→ **WHAT TO PRODUCE**: Begin with the line that holds "De plus, selon" and retype through the last line of the listing below, exactly; pictures are not part of the copy.
[[ DATA FOR THE TASK open ]]
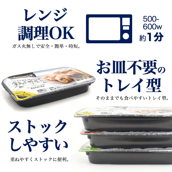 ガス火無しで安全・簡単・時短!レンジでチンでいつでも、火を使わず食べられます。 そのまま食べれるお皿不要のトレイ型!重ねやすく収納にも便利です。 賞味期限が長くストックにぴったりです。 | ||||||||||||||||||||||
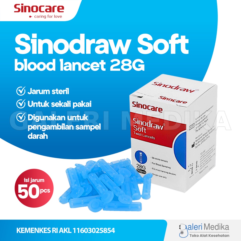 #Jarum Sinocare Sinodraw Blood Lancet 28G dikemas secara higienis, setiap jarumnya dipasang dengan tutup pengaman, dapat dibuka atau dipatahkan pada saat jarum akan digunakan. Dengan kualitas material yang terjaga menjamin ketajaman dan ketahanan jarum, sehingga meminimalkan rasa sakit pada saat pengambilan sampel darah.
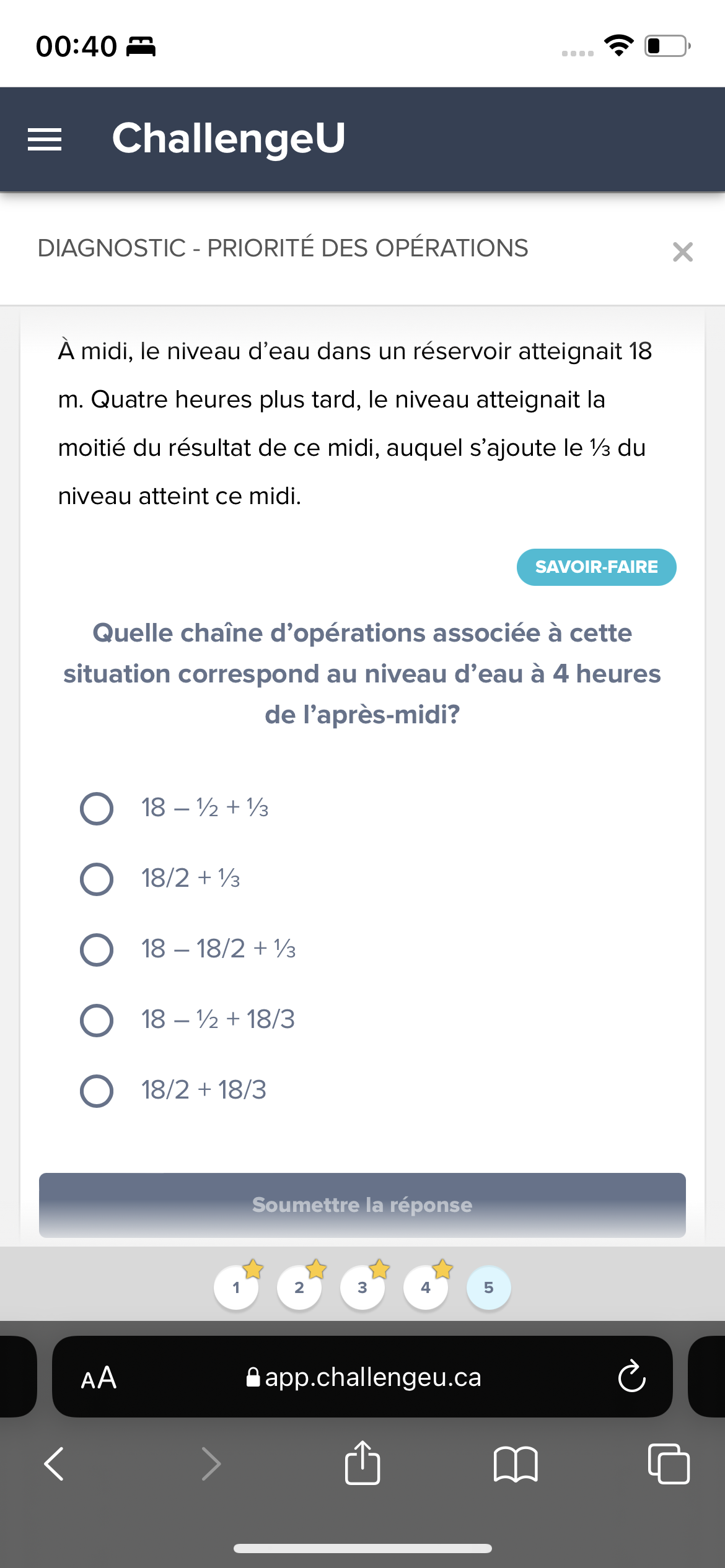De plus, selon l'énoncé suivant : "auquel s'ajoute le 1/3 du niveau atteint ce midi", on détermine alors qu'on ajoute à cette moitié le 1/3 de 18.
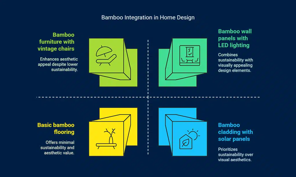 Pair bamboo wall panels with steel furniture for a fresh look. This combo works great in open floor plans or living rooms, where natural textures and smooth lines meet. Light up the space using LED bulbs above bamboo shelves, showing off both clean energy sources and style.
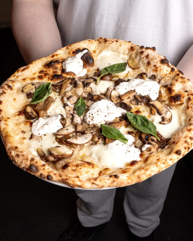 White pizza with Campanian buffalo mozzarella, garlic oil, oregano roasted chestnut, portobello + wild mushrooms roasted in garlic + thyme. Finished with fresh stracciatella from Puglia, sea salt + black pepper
[[ DATA FOR THE TASK closed ]]
→ **RESPONSE BOX**:
De plus, selon l'énoncé suivant : "auquel s'ajoute le 1/3 du niveau atteint ce midi", on détermine alors qu'on ajoute à cette moitié le 1/3 de 18.
 Pair bamboo wall panels with steel furniture for a fresh look. This combo works great in open floor plans or living rooms, where natural textures and smooth lines meet. Light up the space using LED bulbs above bamboo shelves, showing off both clean energy sources and style.
 White pizza with Campanian buffalo mozzarella, garlic oil, oregano roasted chestnut, portobello + wild mushrooms roasted in garlic + thyme. Finished with fresh stracciatella from Puglia, sea salt + black pepper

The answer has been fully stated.